У Эжена не было ни детей, ни семьи — Женни не в счет. У него была только работа, одна только живопись.
«Надо работать так много, как только можно; в этом вся философия и единственный способ устроить свою жизнь... Если бы у меня хватило сил, я покидал бы работу только для еды и сна».
Сражение продолжалось, ядра рвались. В только что отстроенном роскошном особняке через два месяца после свадьбы умер Бальзак. В 1856 году умер Гейне.
Но зато в 1853 году родился Ван-Гог, а весной 1857-го к Делакруа в мастерскую на улицу Нотр-Дам де Лоретт явились два хорошо одетых молодых человека и отрекомендовались: один — Антоненом Прустом, другой — Эдуардом Мане. Уже тогда оставалось всего несколько лет до той поры, когда Эдуард Мане станет одним из величайших художников Франции.
Молодых людей настойчиво предупреждали, что Делакруа очень замкнут и пугающе холоден. Однако он их принял довольно приветливо и на их просьбу разрешить им копировать «Ладью Данте» ответил очень любезным согласием. Он их расспрашивал, кто из художников им особенно нравится, и в заключение, когда они уже стали раскланиваться, он им сказал примерно следующее; «Нужно созерцать Рубенса, вдохновляться Рубенсом, копировать Рубенса. Рубенс — это бог».
Эдуард Мане предпочитал испанцев, и, кроме того, он обожал современный ему Париж: прохожих, мальчишек, пьяниц, бездельников, девиц самого различного типа, включая и самый низменный, лодочников, содержателей бистро и их посетителей. Нет, он отнюдь не разделял скептицизма и тем более ненависти старого мастера, который, вернувшись из тихого милого провинциального Страсбурга, куда он ездил навестить кузена Ламе, написал ему из Парижа: «В вашем мирном городе все мне казалось исполненным покоя; здесь же на всех улицах я вижу печать лихорадочной тревоги, и даже все окружающие улицы и дома кажутся зараженными ею.
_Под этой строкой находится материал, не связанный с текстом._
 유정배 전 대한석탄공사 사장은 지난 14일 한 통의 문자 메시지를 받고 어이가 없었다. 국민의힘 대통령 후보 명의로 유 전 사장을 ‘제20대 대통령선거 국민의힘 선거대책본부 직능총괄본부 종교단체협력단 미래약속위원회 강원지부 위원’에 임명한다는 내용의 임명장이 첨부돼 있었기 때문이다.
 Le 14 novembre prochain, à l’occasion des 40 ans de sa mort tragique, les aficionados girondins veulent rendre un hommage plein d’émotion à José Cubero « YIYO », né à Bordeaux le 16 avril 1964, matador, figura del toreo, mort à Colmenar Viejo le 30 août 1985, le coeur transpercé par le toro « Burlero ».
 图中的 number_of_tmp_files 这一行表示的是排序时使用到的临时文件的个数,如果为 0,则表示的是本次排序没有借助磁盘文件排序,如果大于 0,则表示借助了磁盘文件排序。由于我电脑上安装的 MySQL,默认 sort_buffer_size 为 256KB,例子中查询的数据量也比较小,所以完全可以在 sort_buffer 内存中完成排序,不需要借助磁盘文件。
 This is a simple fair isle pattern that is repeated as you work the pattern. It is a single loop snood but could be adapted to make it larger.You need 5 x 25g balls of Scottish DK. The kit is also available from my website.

Этот новый мир, который пробивается к жизни сквозь руины нашего — плох он или хорош, — как вулкан под ногами и не дает перевести дыхания никому, кроме тех, кто, подобно мне, смотрит на себя как на постороннего всему, что совершается... Я еще не решился ни разу пройтись по улицам Парижа — такой ужас наводят на меня лица всех этих проституток и негодяев».
Эдуарду Мане по молодости, может быть, проститутки казались красавицами, что касается негодяев, то, вероятно, он не был достаточно зорок, чтобы отличить их в сияющей, шумной парижской толпе.
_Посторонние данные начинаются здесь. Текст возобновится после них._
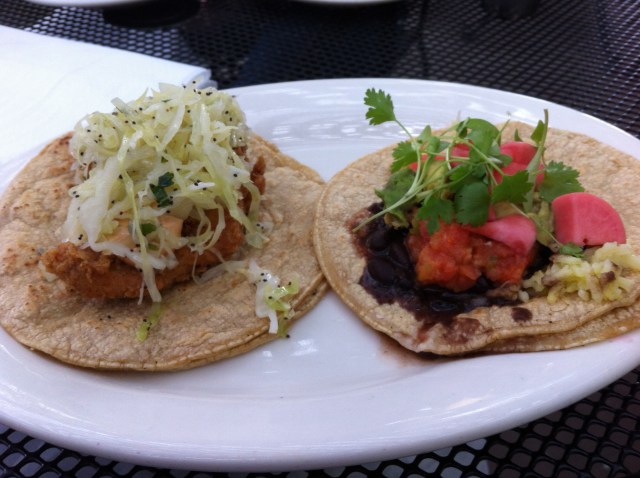 Jo chose (on the left) a fried sword fish taco with mexican slaw and chipotle aioli and (on the right) a vegan taco with black beans, rice, radish, avocado, and ecuadorian salsa, both on corn tortillas.
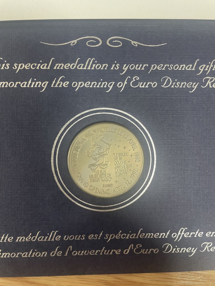 ユーロ ディズニー リゾート オープニング 記念 キャスト 限定 配布 メダル メッセージ 外袋付です。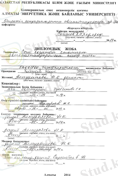 автоматтандырылған электр жетегінің экономикалық тиімділігі қарастырылған.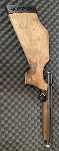 Tiene una culata que me sobró de una Bam, rebaje en el pistolet para zurdo. Tiene las cachas de plástico originales.

Эдуард Мане был неутомимым фланером — день-деньской он шатался по бульварам и смотрел, рисовал, снова смотрел, рисовал без конца. О, это было поистине новое поколение. Новее даже Курбе. Быстро все отходило, откатывалось, оказывалось неожиданно
В одном из Салонов через несколько лет Эдуард Мане выставит «Олимпию» — девку с бульваров, возлежащую на кровати.